Thursday, December 21, 2006

My Dad on Fire

Many, many Christmases ago, when we lived in India and I was in high school, my dad got a video camera. One of those enormous ones that used tapes. He got it a couple months before Christmas, and proceeded to film every waking minute of our lives.

I have to say, I appreciate it now, because, well, life in India is the kind of thing you want to have a record of. I will find pictures and post them. It'd be fun to dig up those moments. But at the time, oh, how we got sick of it.

See, it wouldn't have been such a big deal if I hadn't been so insanely self-conscious. If I hadn't been one of those girls who starved and exercised herself down to 100 lbs and still thought she had the fattest thighs around. If I wasn't terrified of anyone seeing me without makeup. Or in a bad moment. Or in bad light. Or an outfit that made me look fat/pale/short...you name it. You get the picture. Ridiculously insecure.

And so, knowing I'd be on film all day long, I got up at 6 am Christmas morning, so that I could shower, and put on my make-up, and get dressed up. We had a very dear family friend named Dallas spending Christmas with us, as he usually did, and so there he was, stuck on film with my family. All day long.

By that evening, when it was time for Christmas dinner, we were tired and sullen. We were sick of performing. We were sick of answering stupid questions for the camera.

So I invite you to picture this. A dinner table, set for five, with a Christmas feast. There is food galore. My dad is at the head of the table, behind the camera, asking questions. I am to his right. I have, oh, perhaps 8 peas on my plate, and maybe half a potato. It's about as much as I am willing to eat for dinner in high school.

And since my dad is stuck behind the camera, this night it doesn't turn into an argument. An argument that is the only one he cannot win, because he cannot force me to eat more, and he cannot force me to exercise less. Back then, back then I thought it was about the size of my thighs. It took me years to realize it was about control. But I digress.
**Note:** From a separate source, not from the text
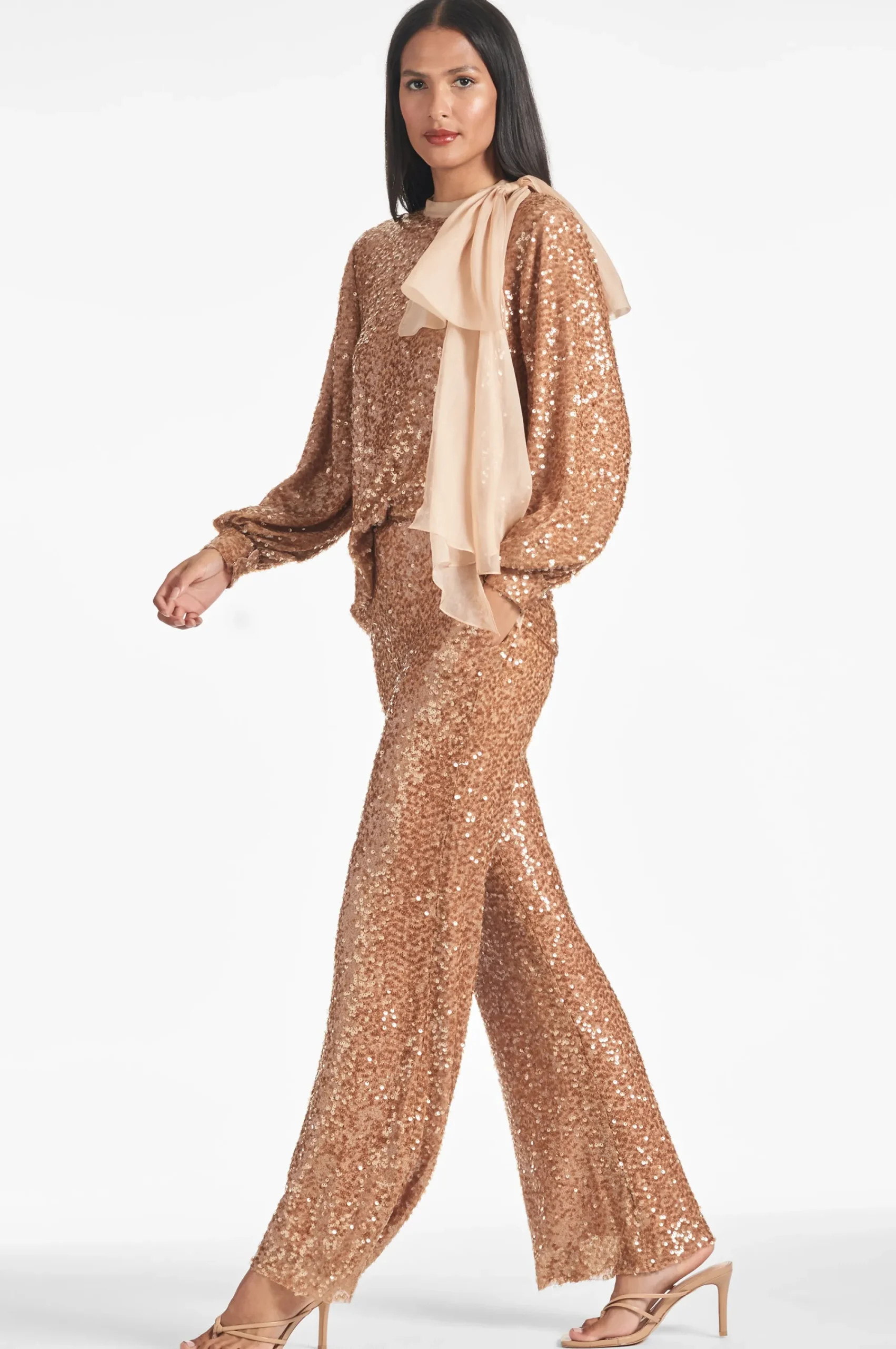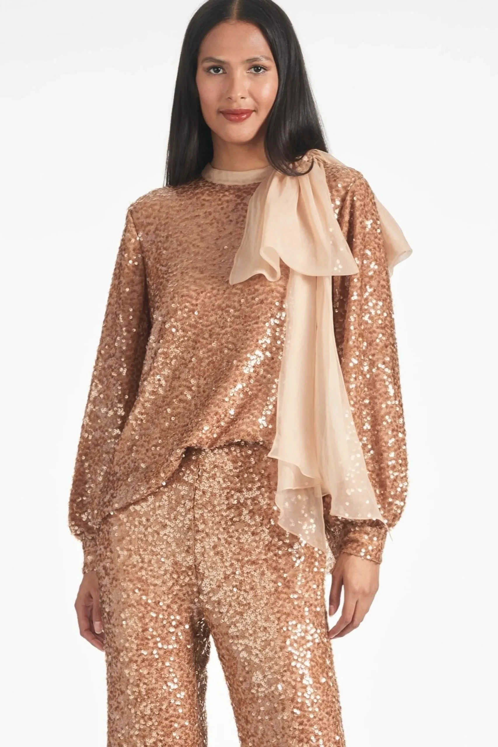 This long sleeve top is crafted with shimmery sequins for a sparkle and shine you will love with an oversized organza bow on the shoulder. The perfect party-ready piece, it’s a must-have addition to your wardrobe for any special occasion. With a coordinating set of bottoms, you’ll sparkle in this unique set.

So I am seated to the right of my dad, picking veeeery slowly at my peas. My brother is to his immediate left. He's 14, a slightly awkward teenager, trying to be obliging, in an I-wish-you-would-leave-me-alone way. My mother is seated next to my brother, and she is sitting there avoiding questions by shoveling food into her mouth. And next to her, at the far end of the table, is our lovely house guest Dallas.

My dad turns to me. "How are you enjoying your Christmas, Lis?"

I spear a single, solitary pea. "It's fine."

"That's great! How about you, son? That food on your plate looks delicious! What are you eating?"

"Turkey and stuffing. Same thing we always eat on Christmas."

The camera stops on Betty, who keeps up a steady fork to mouth rhythm, leaving no possibility of an on-camera question.

And so, finally, my dad begins to focus entirely on Dallas. This year Dallas has the weighty responsibility of carrying the entire Christmas dinner conversation. Fortunately, he is a very old friend, practically family. He already knows our quirks, although perhaps this year we are a little more unfiltered than one might expect. He isn't fazed, however. He laughs a lot, he tells great stories, he's charming. This year, he'd recently taken a trip on the Trans-Siberian Railroad. His journey was fascinating.

"So, Dallas, where was the first place in Russia that the train stopped?"

Dallas obliged. Honestly, his story was great. We were all listening, we just weren't participating.

And then my father, for some reason, decided to back up. I don't know if he wanted to get a shot of the whole table, and needed to back away from it to do so. But in any case, he backed straight into the candelabra on the credenza and set his sweater on fire.

The last thing you see and hear on this tape is the following.

My dad (camera still running) yells, "Oh my God! I'm on fire!"

Cut to a shot of me looking briefly at my dad, and then calmly across the table at my brother and saying, "Can you please pass the salt?"